John McCain has also proposed a comprehensive plan to reduce the costs of health care in America. A major proposal of his is to re-orient our health-care system around preventive care. Chronic conditions account for three-quarters of the nations annual health-care bill. By emphasizing prevention, early intervention, healthy habits, new treatment models, new public health infrastructure, and the use of information technology, we can reduce health care costs. We should dedicate more federal research to caring and curing chronic diseases.
John McCains other proposals for reducing health-care costs include: lowering drug prices through re-importation and generics; updating our health-care infrastructure with 21st century technology; promoting coordinated care, where patients pay a single bill for overall disease care; reforming the Medicare and Medicaid payment systems; promoting the availability of smoking-cessation programs; passing comprehensive medical-liability reform; and bringing more transparency to health-care costs.

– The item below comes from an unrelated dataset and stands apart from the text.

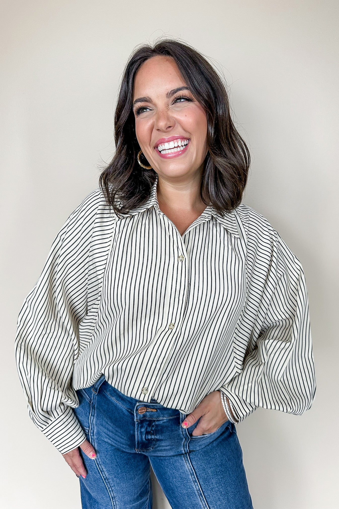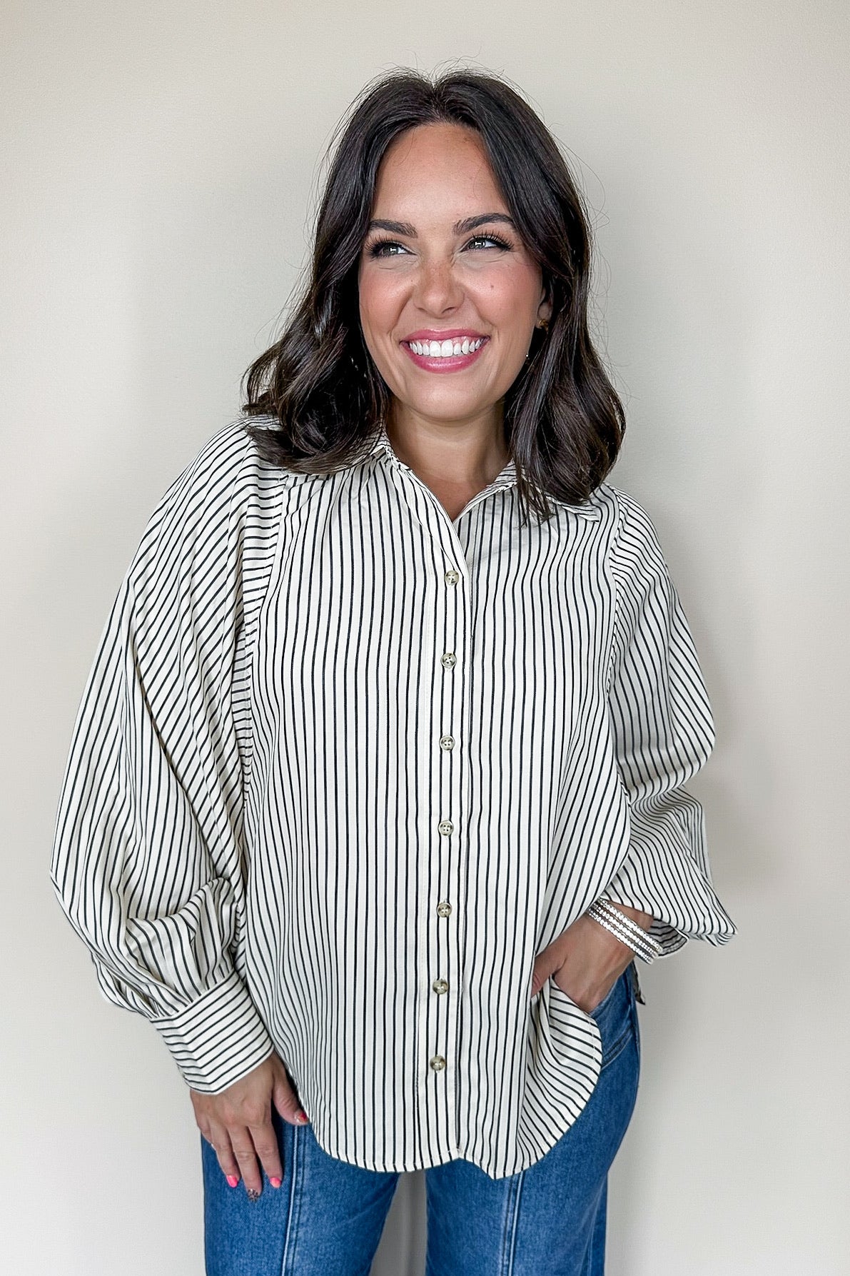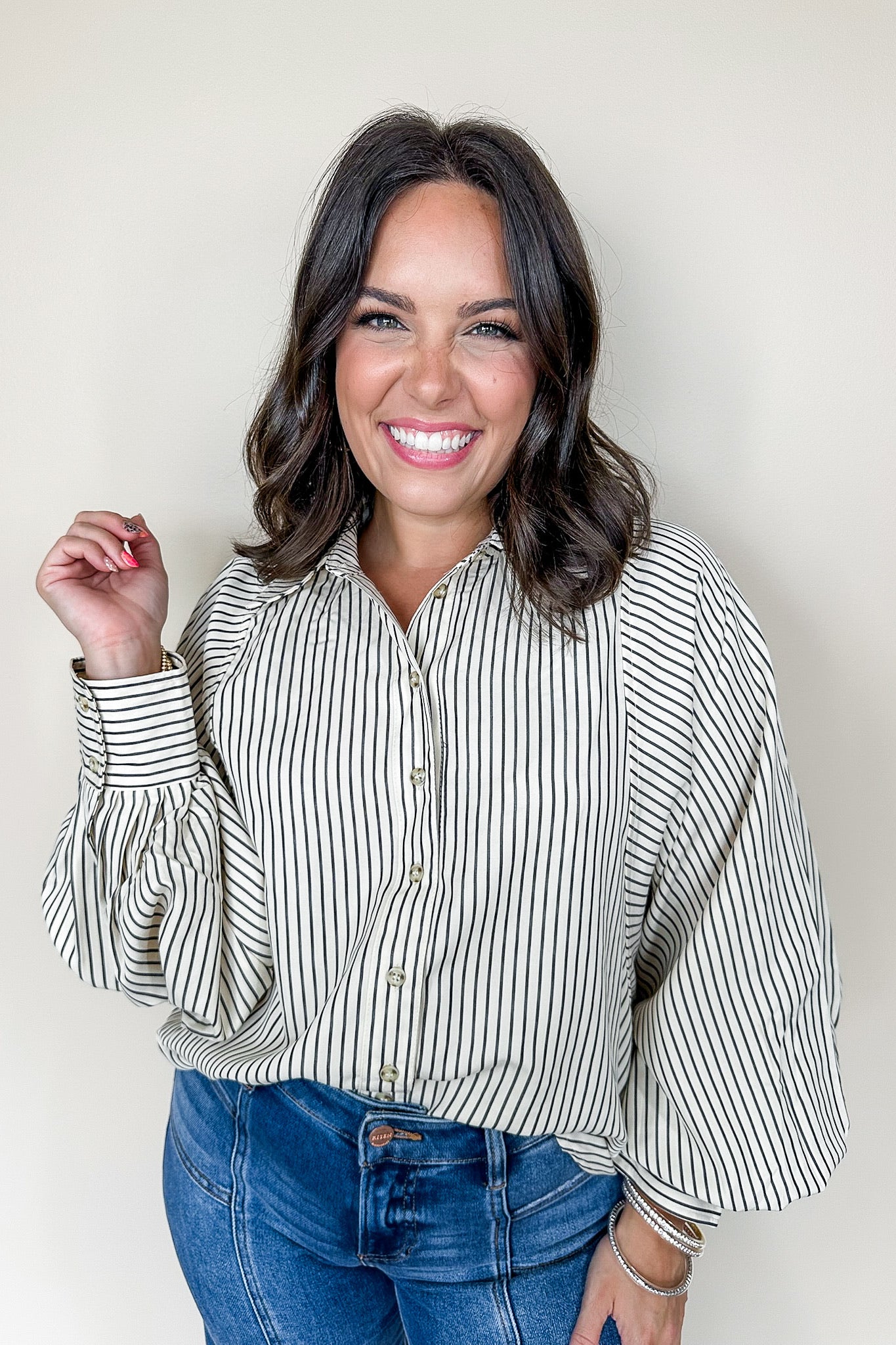 Embrace breezy style with this Black & Cream Billowy Striped Button Down Top. Featuring playful balloon sleeves and a chic cream and black stripe pattern, this top adds fun flair to any outfit. The flattering V-neck and high-low hemline give it a trendy twist, while the button-down front lets you adjust your look with ease. Perfect for days when you want comfort and style to dance together!
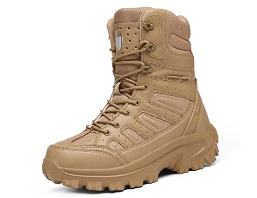 IYVW KKK Q88 Botas Tácticas Militares Impermeables para Hombre Combate Ejército Army Jungle Boots Side Zip Zapatillas de Deporte Amarillo Desierto 42 EU

John McCains plan stands in stark contract to Senator Obamas proposal, which would dismantle the current employer-based framework in favor of a big new government bureaucracy. Obama would mandate that employers provide a $12,000 plan to their employees or else pay a $12,000 fine. According to a study in the National Bureau of Economic Research, an employer mandate of $9,000 for family coverage would reduce wages by $3 per hour and cause 224,000 workers to lose their jobs. To put this in perspective, the Obama plan would lose more than the 219,000 jobs created by American small businesses so far this year. Obama would also build a big new health bureaucracy, shifting more control to lobbyist-filled Washington at a time when Medicare is broke and Congress has a single-digit approval rating. According to prior analysis of similar plans, it is estimated that his employer mandate combined with a national plan option would potentially shred the employer sponsored insurance system by almost one-third or nearly 52 million lives and raise employer taxes by almost $110 billion.